Willem Witsen aan Elizabeth van Vloten
Plaats: [Londen] |
Datum: 28 [november] 1890 |
Verblijfplaats: UBA, XXX A 46, 1060 |
[1:1]
[briefpapier The Monico, London]
's middags 2 uur
Vrijdag 28 [18]90
Lieve Beb, Londen is nu zoo mooi - 't ligt in de sneeuw Beb, en geen blinkend witte sneeuw maar 'n zachte warme sneeuw die gestadig valt uit 'n donkere, maar doorschijnende lucht, laag hangend in de straten, tusschen de huizen die als reusachtige zwart-grijze steenen-massaas, geweldig staan in die mistige lucht. - O je moet 't zien Beb, - 'k heb al 'n paar uur er in geloopen en schetsen gemaakt - en nu moet 'k 't je even schrijven - en dan ga 'k weer er in - tegen den donker om 'n heele boel op te doen voor morgen en de volgende dagen - want, Beb - petit-noir is op zij gezet en morgen begin 'k om eén voor eén die mooie dingen die 'k vandaag gezien heb er uit te werken - want je begrijpt hoe vol 'k me voel - 't is
[1:2]
wel curieus dat 'k telkens weer getrokken word naar m'n ouwe bekenden - 'k heb zonder te denken gevoeld: o hoe mooi moet 't nu zijn aan Waterloo bridge en dan de Thames en Trafalgar Square en toen 'k er kwam trof 't me dadelijk, die zelfde dingen waarvan 'k nog nooit iets heb kunnen maken.
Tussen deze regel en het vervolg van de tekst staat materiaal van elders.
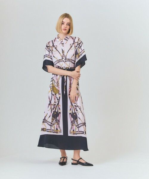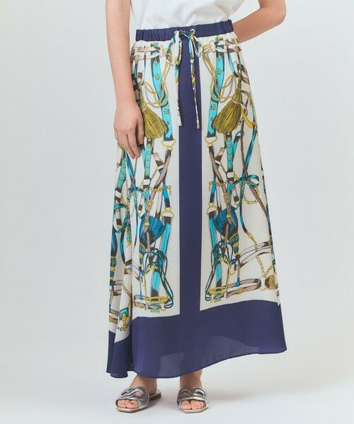 【Japan Fabric】主役級の存在感を放つ、夏にぴったりな着映えロングスカート。落ち感が綺麗でサラッとしたツイル地を使用。そこにヴィンテージ図案から着想を得て作成した、繊細なスカーフ柄をのせた美しい佇まいの一枚です。ややフレアラインの広がりすぎない大人っぽいロングシルエット。真ん中にあえてT字の無地ラインを通す事ですらっと美脚に見える、パターンプリントならではの良さを活かしたデザインです。穿き心地の良いウエストドロスト仕様が、気取らないリラックスしたおしゃれを楽しめるポイント。お揃いでお作りしたシャツを合わせれば、ワンランク上のセットアップスタイルをお楽しみいただけます。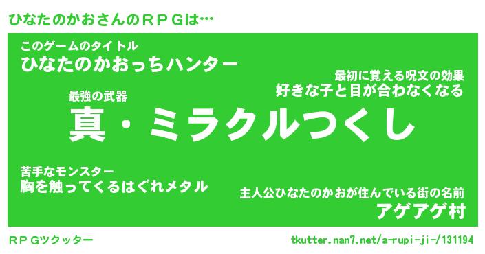 | ツイッター | ひなたのかおさんのツイッターID『namakemono_man』 |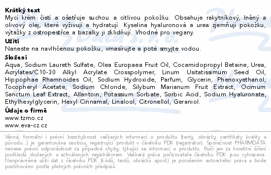 Mycí krém čistí a ošetřuje suchou a citlivou pokožku. Obsahuje rakytníkový, lněný a olivový olej, které vyživují a hydratují. Kyselina hyaluronová a urea zjemňují pokožku, výtažky z ostropestřce a bazalky ji zklidňují. Vhodné pro vegany.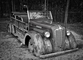 Keywords: fire engine automobile truck retro antique vehicle ladder emergency firetruck vintage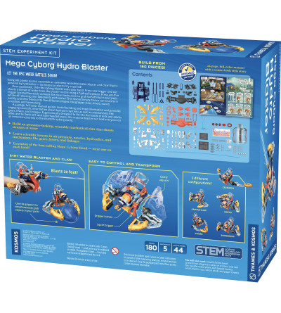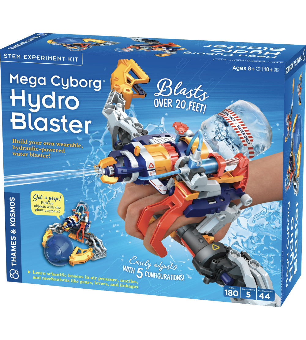 Explore hydraulics, mechanics, and robotics with a buildable, handheld water blaster and claw! Using over 180 plastic pieces, assemble this awesome device which shoots a stream of water and grabs onto targets with its huge gripper — no motors or electricity required!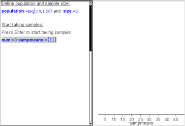 b) Introduza uma caixa de expressões matemáticas e defina os valores para o número de amostras (num) e a lista de médias das amostras (sampmeans). Tipo: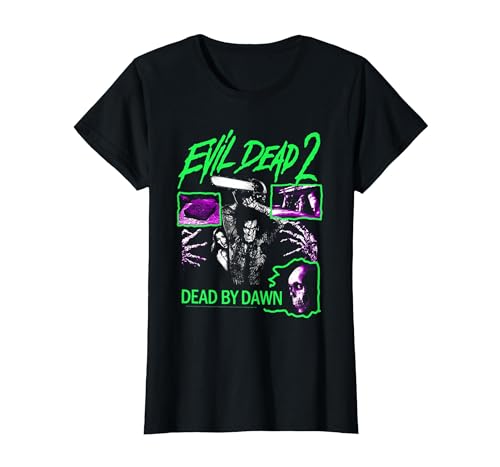 Evil Dead 2 Dead by Dawn Neon Collage Horror Movie T-Shirt, Women, Black, Small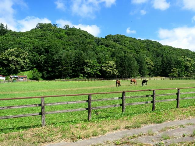 実は昨日、門別競馬場に居る時、本日最初の目的地である牧場に電話をして、訪問のお願いと、その時間を決めてありました。なので、それに余裕を持って間に合うよう逆算した結果、午前7時半に宿を出発。途中でセイコーマートに寄って朝食を仕入れつつ、まずは国道235号で旧静内町を目指しますが、右手にはずっと太平洋があり、海霧の影響か、フロントグラス越しの景色がもやっとして見えます。そして旧静内町からは、北海道道71号平取静内線に入り、更に道なりに進むと途中から北海道道111号静内中札内線に入るというルートで、牧場を目指したのですが、さすがは馬産の本場。(昨日の門別競馬場の周りもそうだったのですが、)今朝、宿を出発して以来、沿線にはサラブレッドの牧場が多数点在し、それを見るたびにテンションが上がってしまします。

Maar voor 'n bourgeois alleen zal 't 'tzelfde sujet lijken - en wat kan me dat ook schelen - 'k houd wel van de zwarte drukte massa in den Strand b.v. en Oxford street, maar 'k zie er lang dàt niet in van wat 'k zie in die andere dingen: 'n éenheid van donkere grijzen en zacht mooi licht - 'n stemming van ernstige zware mooiheid. - Niet dor, niet somber, nooit akelig - maar heerlijk rijk en vòl en ernstig als zwarte chrysanten en witte, witte bloemen.
Beb, gisteren heb 'k aan 't portret gewerkt maar daar kan 'k nu niet aan denken - 'k heb ook gewacht op 'n brief
[1:3]
van mijn Beb - maar die is niet gekomen en van daag ook niet - maar je zult 't wel druk hebben mijn lieve Beb - en er is er zeker wel een onder weg over je komen hier - ten minste als je broêr Frank gisteren in Haarlem is gekomen - 'k stel 't me telkens voor hoe 't toch zal zijn mijn Beb - en nù wilde 'k je toch zóo hier hebben - want 'k heb Londen nooit zóo gezien - 'k verlang zoo naar morgen om er aan te beginnen en heerlijk, nu, die stille Zondag in 't vooruitzicht om zoo stilletjes heelemaal in m'n werk te zijn.
Beb, 'k kreeg antwoord uit Parijs. Ze willen m'n etsen niet koopen maar
graag in commissie hebben omdat, zegt hij, er veel káns is dat de Amerikanen ze koopen terwijl de fransche amateurs ze te zwart zullen vinden. - Morgen avond ga 'k, denk 'k, weer naar Kapteyn of anders Zondag avond, dat vin 'k wel plezierig, - zoo in 'n
[1:4]
rustige huiselijke omgeving als 'k den heelen dag goed gewerkt heb - en 't zal zeker goed gaan - vooral de eerste dagen - lieve Beb - 'k schrijf nu maar kort om weer gauw naar buiten te gaan en schetsen te maken - 't werkt zoo heerlijk buiten, hier - niemand kijkt er naar of staat me in den weg. Zoo heel alleen met m'n werk midden in Londen dat is zoo prettig - zal je nu gauw weer 's 'n heel langen brief schrijven, m'n ondeugende lieve kindje - wat heb je de laatste dagen toch moeten doen lieve Beb, dat je me zoo zonder brieven laat? - 't Is wel goed - mijn Beb als je 't noodig vindt - maar o 'k verlang zoo naar 'n brief. Dag m'n lieve Beb, 'k ga nu gauw weer - 't wordt al zoo donker, dag Beb - 'k schrijf morgen vóor 6, dan heb je dien Zondag middag en dezen morgen middag.